- REQUIREMENT: Pictures must not appear in the copy. Set down exactly the line with "酸性ストレート+ピンクカラーでウルツヤな髪に まとまりやすく、甘いカラーで可愛く仕上がりオススメです☆ スタイリスト池内" and each line after it through the end of the data below.

---------- GIVEN RECORDS ----------

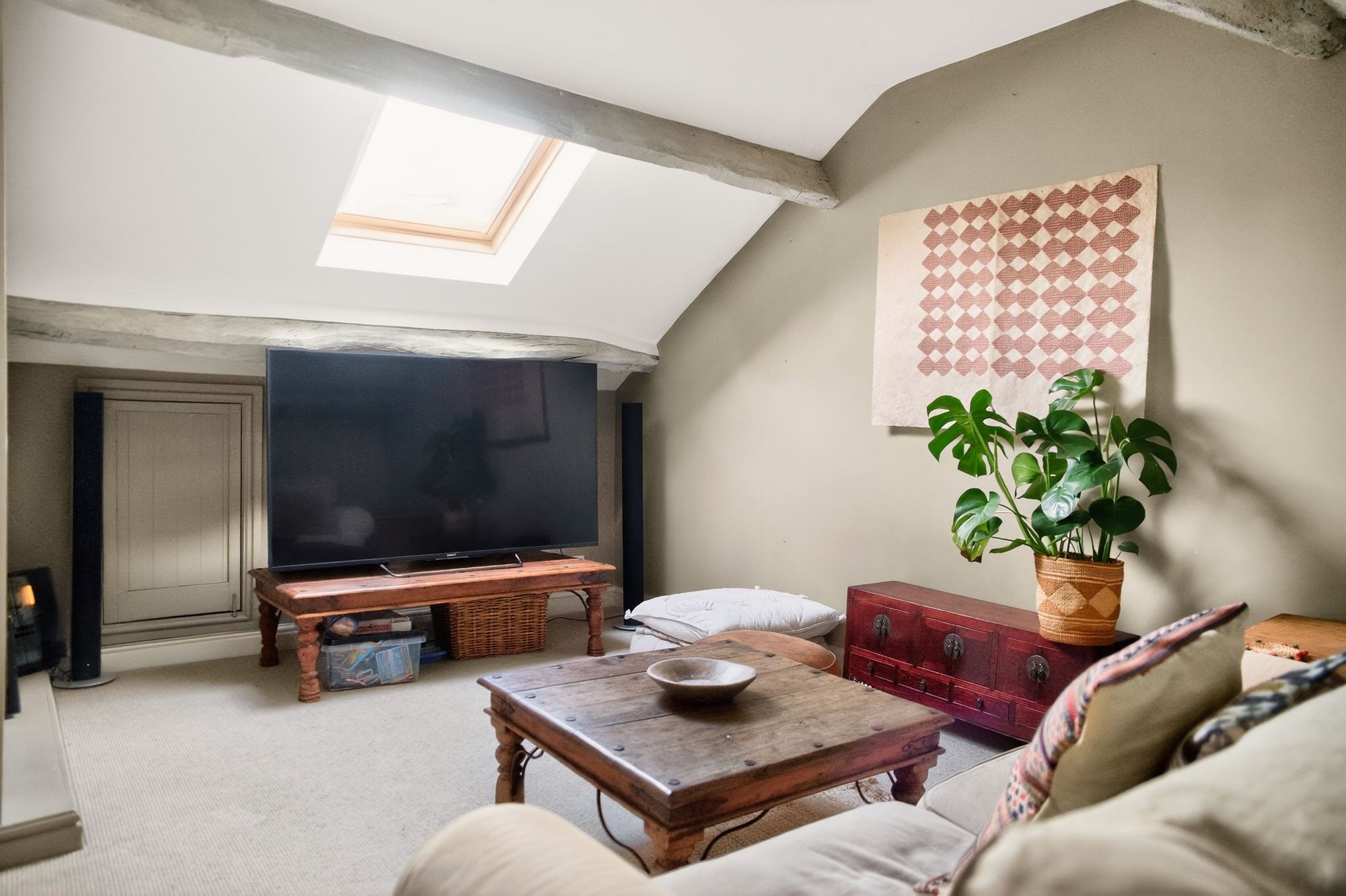 Once again, a characterful room with four beams on display, integrated display shelving, under eaves storage cupboards and Velux window. This room is currently used as a snug/cinema room.
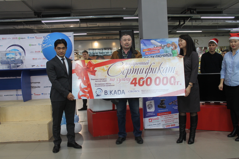 - Я не думал даже, что именно мне достанется главный приз. Я рассчитывал на маленький сувенир, который останется на память, а в итоге достался главный подарок. Конечно, спасибо всем организаторам, руководству компании «БИКАДА». Отдельная благодарность персоналу, который всегда приветливо встретит, подскажет и обслужит. Как специалисты, они всегда готовы помочь. В предстоящий Новый год хочется всем жителям Актау пожелать всех благ, самое главное – здоровья, успехов в работе и счастья в личной жизни, - отметил обладатель главного приза.
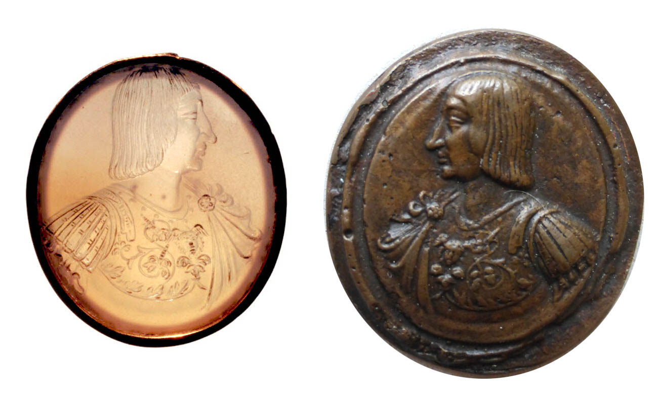 Fig. 06 – Chalcedony intaglio of King Francis I attributed to Matteo del Nassaro, 1515-16, Milan Italy (?) (left; Cabinet des médailles at the Bibliotheque Nationale, Paris, inv. 58.2485); Bronze plaquette cast after the aforenoted intaglio (right; Ubertazzi collection)
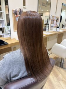 酸性ストレート+ピンクカラーでウルツヤな髪に まとまりやすく、甘いカラーで可愛く仕上がりオススメです☆ スタイリスト池内
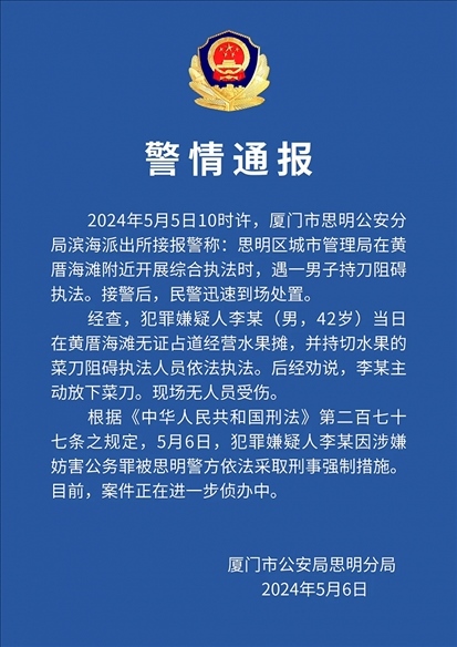 ·廈門警方:無(wú)證占道經(jīng)營(yíng)還持刀阻礙執(zhí)法,一男子被采取刑事強(qiáng)制措施。
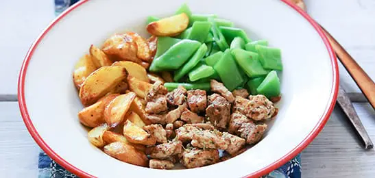 Recept van het Voedingscentrum: Gebakken aardappelen met kruidige vleesreepjes en snijbonen

----------

- TASK OUTPUT:
 酸性ストレート+ピンクカラーでウルツヤな髪に まとまりやすく、甘いカラーで可愛く仕上がりオススメです☆ スタイリスト池内
 ·廈門警方:無(wú)證占道經(jīng)營(yíng)還持刀阻礙執(zhí)法,一男子被采取刑事強(qiáng)制措施。
 Recept van het Voedingscentrum: Gebakken aardappelen met kruidige vleesreepjes en snijbonen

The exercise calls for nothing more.